Fred Gillies

No. 10, 5, 11, 66, 9
- Positions: Tackle, head coach

Personal information
- Born: December 9, 1895 Chicago, Illinois, U.S.
- Died: May 8, 1974 (aged 78) Flossmoor, Illinois, U.S.

Career information
- College: Cornell

Career history

Playing
- 1920–1926, 1928: Chicago Cardinals

Coaching
- 1928: Chicago Cardinals

Awards and highlights
- NFL champion (1925); Second-team All-Pro (1922); National champion (1915);
- Coaching profile at Pro Football Reference
- Stats at Pro Football Reference

= Fred Gillies =

American football player and coach (1895–1974)

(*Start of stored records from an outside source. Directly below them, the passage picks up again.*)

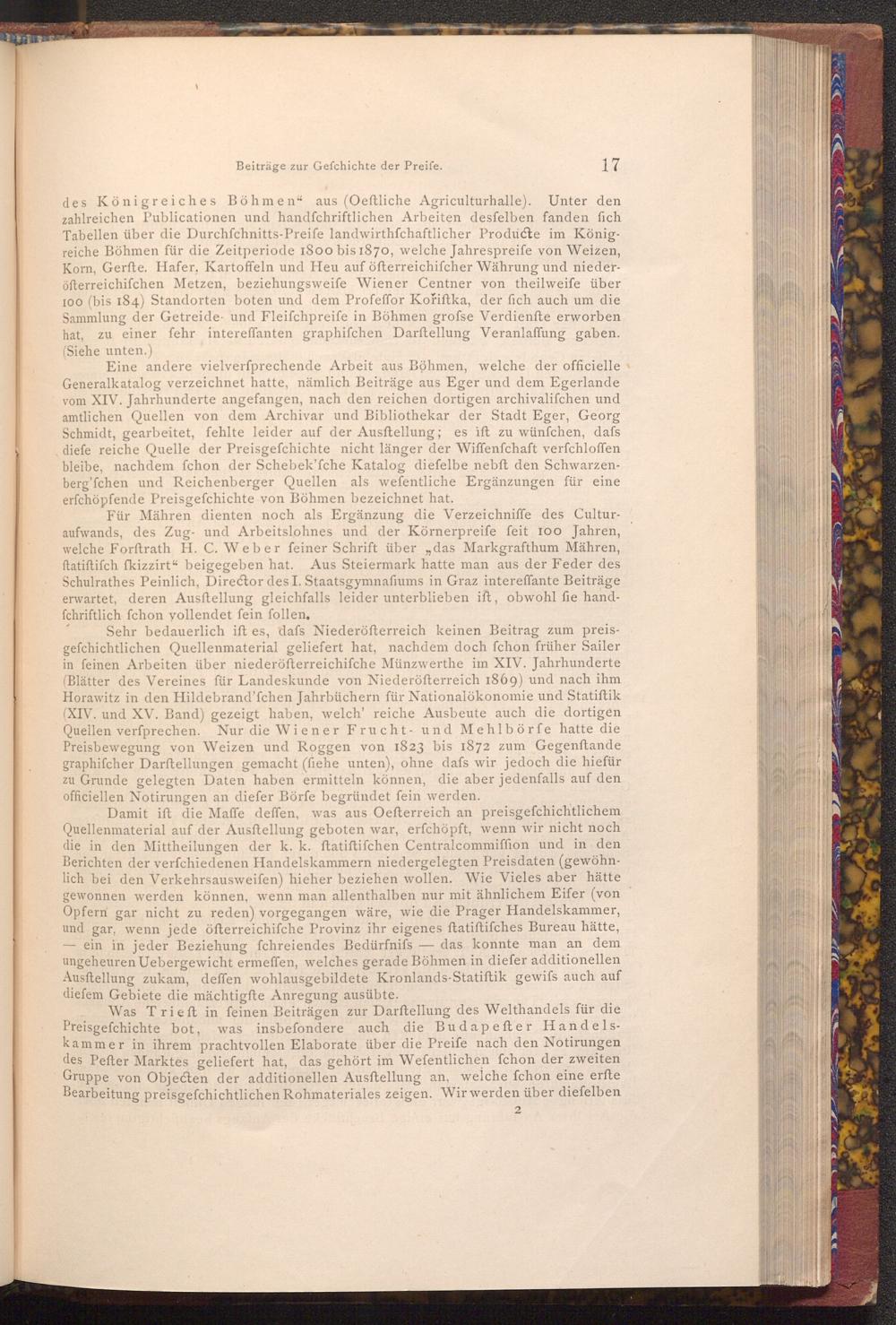 Was Trieft in feinen Beiträgen zur Darstellung des Welthandels für die Preisgefchichte bot, was insbefondere auch die Budapefter Handelskammer in ihrem prachtvollen Elaborate über die Preife nach den Notirungen des Pefter Marktes geliefert hat, das gehört im Wefentlichen fchon der zweiten Gruppe von Objecten der additionellen Ausftellung an, welche fchon eine erfte Bearbeitung preisgefchichtlichen Rohmateriales zeigen. Wir werden über diefelben
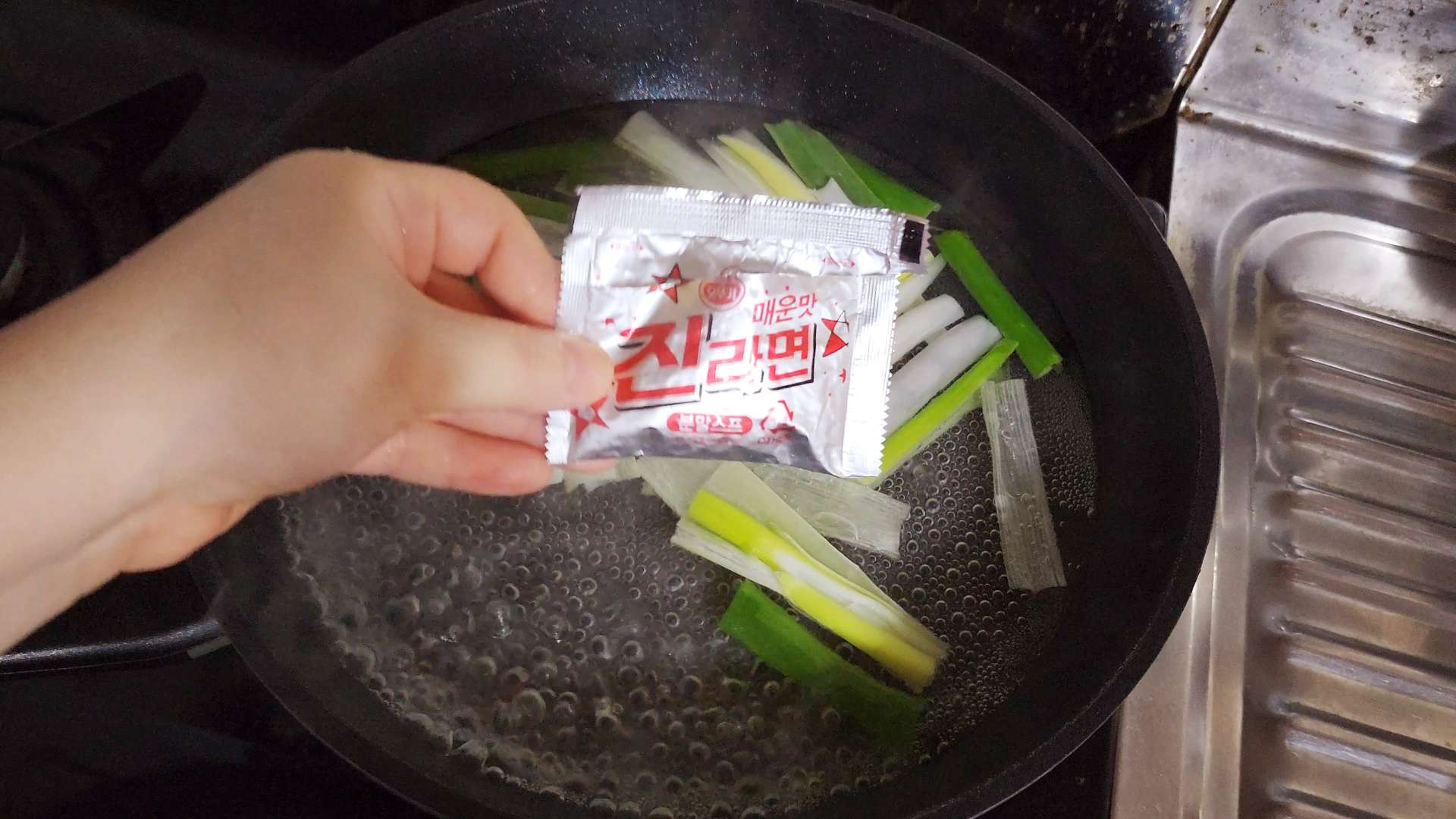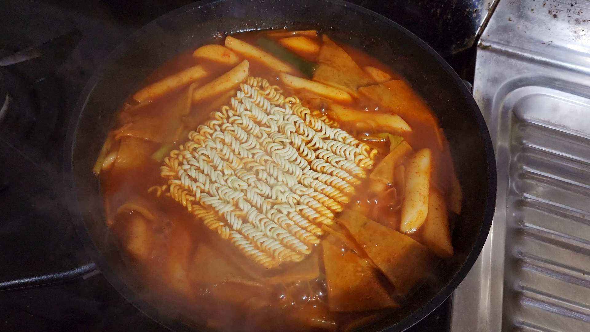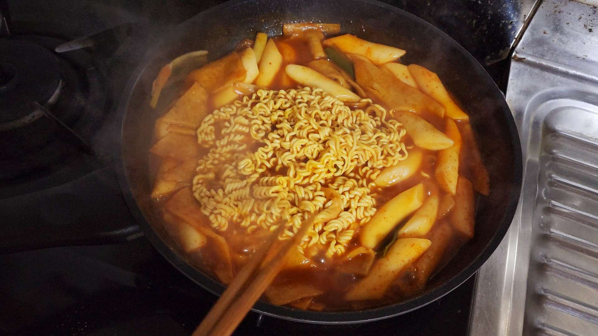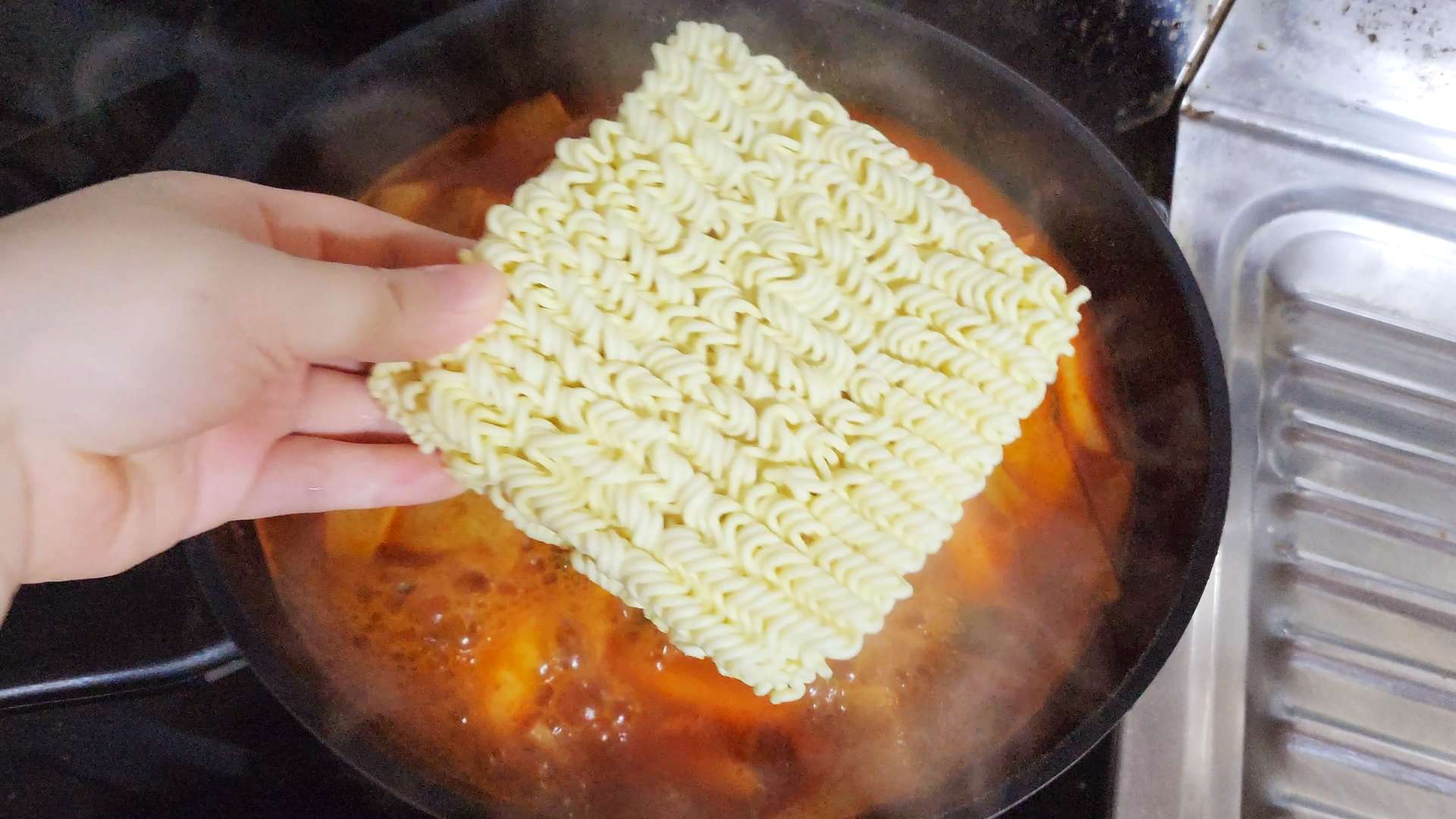 떡이 통통하게 부풀면 라면을 넣고 3분 정도 끓여줍니다.
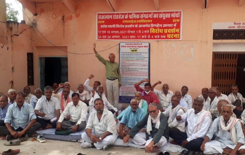राजस्थान रोडवेज के श्रमिक संगठनों के संयुक्त मोर्चा के प्रदेश स्तरीय आह्वान पर ग्यारह सूत्री मांगों को लेकर बुधवार को रोडवेज कर्मियों ने हिण्डौन डिपो के मुख्य द्वार पर धरना दिया। इस दौरान श्रमिक संगठनों के पदाधिकारियों व सेवानिवृत कर्मचारियों ने रोडवेज विरोधी नीतियों को लेकर राज्य सरकार को कोसा। साथ ही नारे लगा कर विरोध जताया। दो दिवसीय विरोध के तहत गुरुवार को दूसरे दिन भी डिपो के बाहर धरना दिया जाएगा।
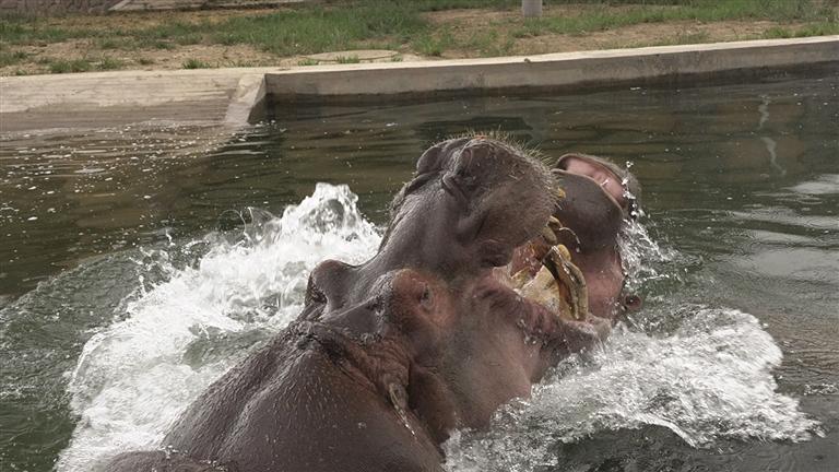 “小乖”今年正值青春活潑的年紀,性格溫順可愛。經過一段時間的精心準備與適應期,“小乖”已經與老住戶“大嘴”和諧相處,一同在水中暢游、嬉戲玩耍,或是在岸邊悠閑進食、曬著太陽。兩只河馬的互動與陪伴,給園區(qū)增加了許多樂趣,也給游客們帶來更加新奇、歡樂的觀賞體驗。

Frederick Montague Gillies (December 9, 1895 - May 8, 1974) was an American football player and coach for the Chicago Cardinals of the National Football League (NFL). He graduated from Cornell University in 1918 and was a member of the Quill and Dagger society. He appeared in 72 games, 51 of which as a starter, as a tackle for the Chicago Cardinals between 1920 and 1933, earning All-Pro honors in 1922. He coached the team in 1928, which was his final season as a player and only as a coach, to a 1–5 record.

Fred later married Blanche Wilder and adopted Theo Janet Howells, the biological daughter of Blanche's sister, Gertrude Wilder. Gillies also worked and volunteered for the Republican Party.
In 1932, he was a survivor in a plane crash that took the life of aviator Eddie Stinson, the founder of Stinson Aircraft Company. Gillies suffered a leg injury, as a result of the accident, which left him in a leg brace for the rest of his life.